Exact copies of all the lines below are needed, without the pictures.
▬▬▬▬▬▬
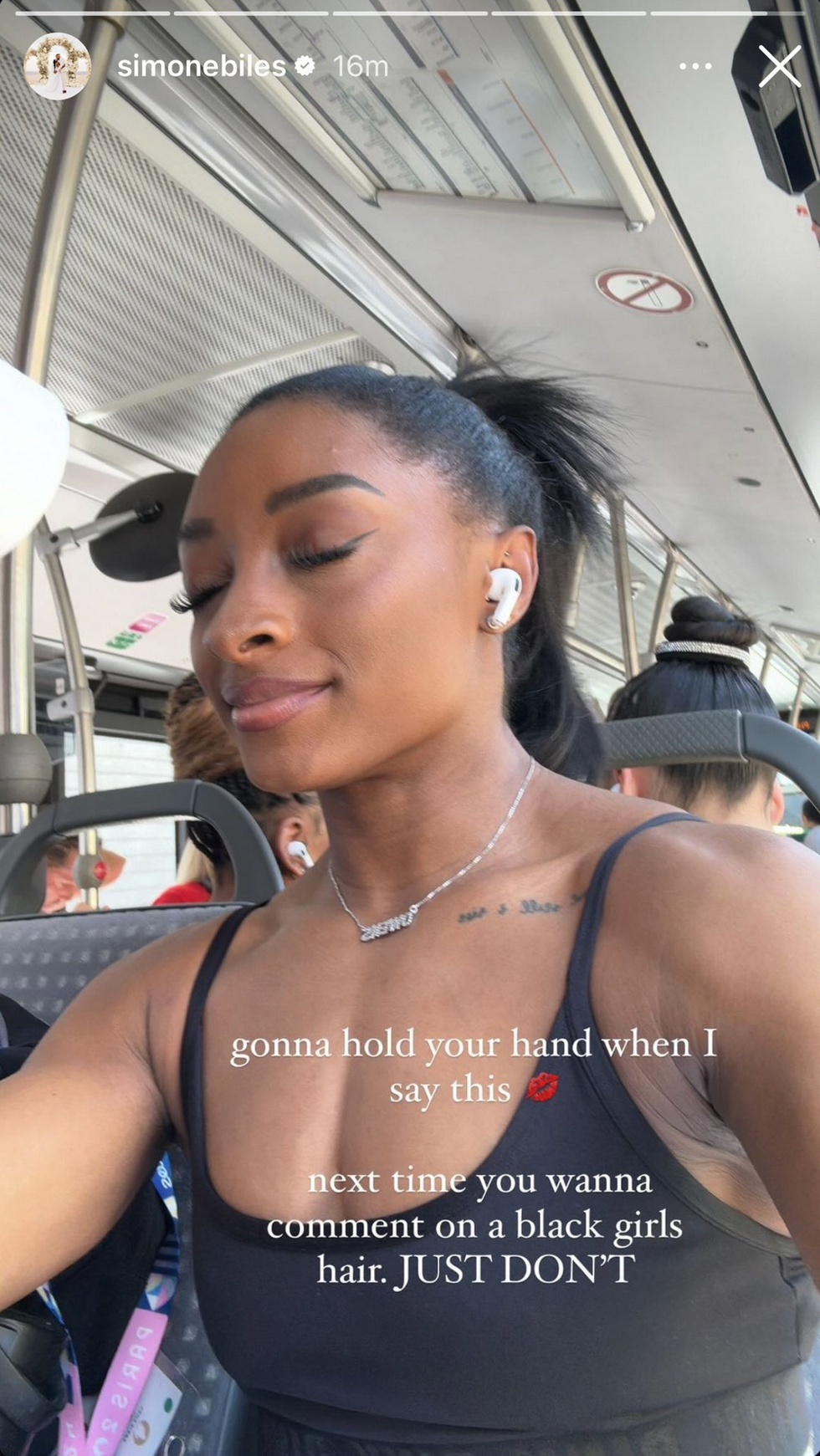 On July 30, the 27-year-old, who with the U.S. women's gymnastics team would win the gold medal at the 2024 Paris Olympics, posted an Instagram video selfie on the way to the women's gymnastics team final.
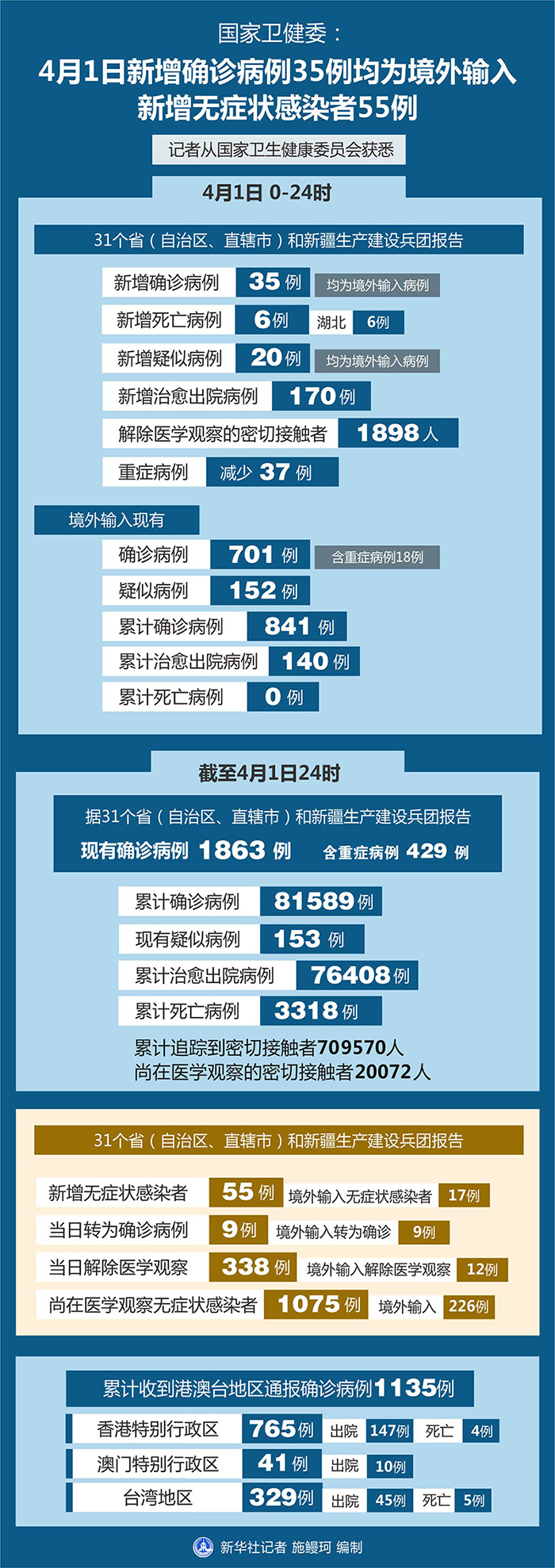 截至4月1日24時(shí),據(jù)31個(gè)?。ㄗ灾螀^(qū)、直轄市)和新疆生產(chǎn)建設(shè)兵團(tuán)報(bào)告,現(xiàn)有確診病例1863例(含重癥病例429例),現(xiàn)有疑似病例153例。累計(jì)確診病例81589例,累計(jì)治愈出院病例76408例,累計(jì)死亡病例3318例,累計(jì)追蹤到密切接觸者709570人,尚在醫(yī)學(xué)觀察的密切接觸者20072人。
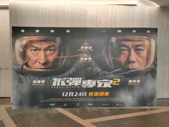 上圖所見,便是「講。鏟。片」情報人員於昨天晚上在銅鑼灣UA Cine Times戲院大當所攝,可以看到該戲院大堂的一角,擺放了電影《拆彈專家2》的大型宣傳板,當中上方寫上「核彈危機,一觸即發」,左、右兩方分別是兩位主角劉德華與劉青雲穿上爆彈品處理課的服飾,當中劉德華在剪一條紅色的電線,而劉青雲剪的則是藍色電線,下方則寫上「12月24日核爆倒數」。
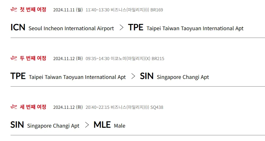 ✅ 몰디브 도착 비즈니스 좌석 노선(2회)
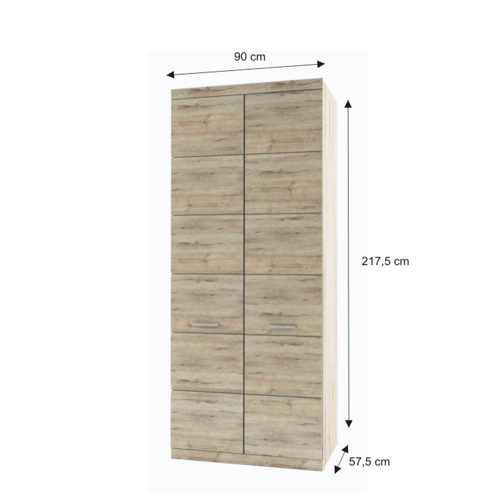 Šatníková skriňa Oscroft 2D v dubovom prevedení s výškou 217,5 cm a hĺbkou 57,5 cm je ideálnou voľbou pre úložbu dlhších kúskov oblečenia nielen do šatníka, ale aj do predsiene. Skriňa je vyrobená z DTD laminovaného materiálu s ABS hranami, čo zaručuje pevnosť a odolnosť. Súčasťou skrine je výklopná polička a vešiak na oblečenie. Rozmery skrine sú 90 x 57,6 x 217,3 cm a hrúbka materiálu dosahuje 16 mm. Skriňa sa dodáva v demonte a je jednoduchá na zostavenie. Táto vešiaková skriňa vám pomôže udržať vašu izbu čistú a dobre zorganizovanú.
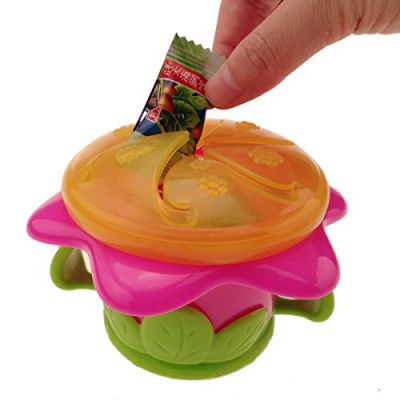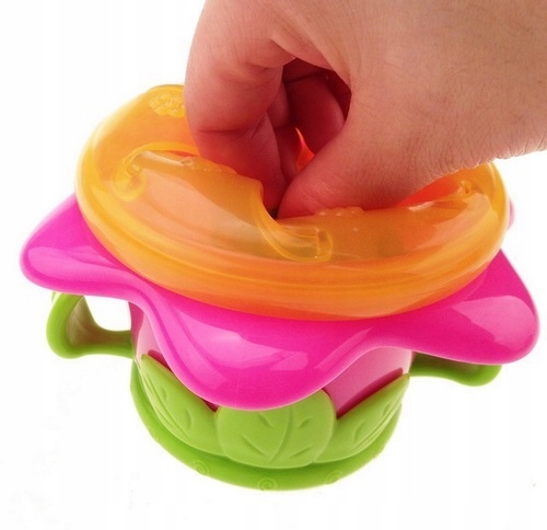 Miękki i silikonowy otwór ułatwia dziecku wyciągać przekąski bez rozsypywania ich. Dzięki temu Twoja pociecha może samodzielnie przechowywać swoje smakołyki. Pojemnik - Kwiatek jest odporny na trudności związane z codziennym użytkowaniem go przez dziecko. Nie odbarwia się, zachowuje swoje jasne kolory.
▬▬▬▬▬▬
» OUTPUT
 On July 30, the 27-year-old, who with the U.S. women's gymnastics team would win the gold medal at the 2024 Paris Olympics, posted an Instagram video selfie on the way to the women's gymnastics team final.
 截至4月1日24時(shí),據(jù)31個(gè)?。ㄗ灾螀^(qū)、直轄市)和新疆生產(chǎn)建設(shè)兵團(tuán)報(bào)告,現(xiàn)有確診病例1863例(含重癥病例429例),現(xiàn)有疑似病例153例。累計(jì)確診病例81589例,累計(jì)治愈出院病例76408例,累計(jì)死亡病例3318例,累計(jì)追蹤到密切接觸者709570人,尚在醫(yī)學(xué)觀察的密切接觸者20072人。
 上圖所見,便是「講。鏟。片」情報人員於昨天晚上在銅鑼灣UA Cine Times戲院大當所攝,可以看到該戲院大堂的一角,擺放了電影《拆彈專家2》的大型宣傳板,當中上方寫上「核彈危機,一觸即發」,左、右兩方分別是兩位主角劉德華與劉青雲穿上爆彈品處理課的服飾,當中劉德華在剪一條紅色的電線,而劉青雲剪的則是藍色電線,下方則寫上「12月24日核爆倒數」。
 ✅ 몰디브 도착 비즈니스 좌석 노선(2회)
 Šatníková skriňa Oscroft 2D v dubovom prevedení s výškou 217,5 cm a hĺbkou 57,5 cm je ideálnou voľbou pre úložbu dlhších kúskov oblečenia nielen do šatníka, ale aj do predsiene. Skriňa je vyrobená z DTD laminovaného materiálu s ABS hranami, čo zaručuje pevnosť a odolnosť. Súčasťou skrine je výklopná polička a vešiak na oblečenie. Rozmery skrine sú 90 x 57,6 x 217,3 cm a hrúbka materiálu dosahuje 16 mm. Skriňa sa dodáva v demonte a je jednoduchá na zostavenie. Táto vešiaková skriňa vám pomôže udržať vašu izbu čistú a dobre zorganizovanú.
 Miękki i silikonowy otwór ułatwia dziecku wyciągać przekąski bez rozsypywania ich. Dzięki temu Twoja pociecha może samodzielnie przechowywać swoje smakołyki. Pojemnik - Kwiatek jest odporny na trudności związane z codziennym użytkowaniem go przez dziecko. Nie odbarwia się, zachowuje swoje jasne kolory.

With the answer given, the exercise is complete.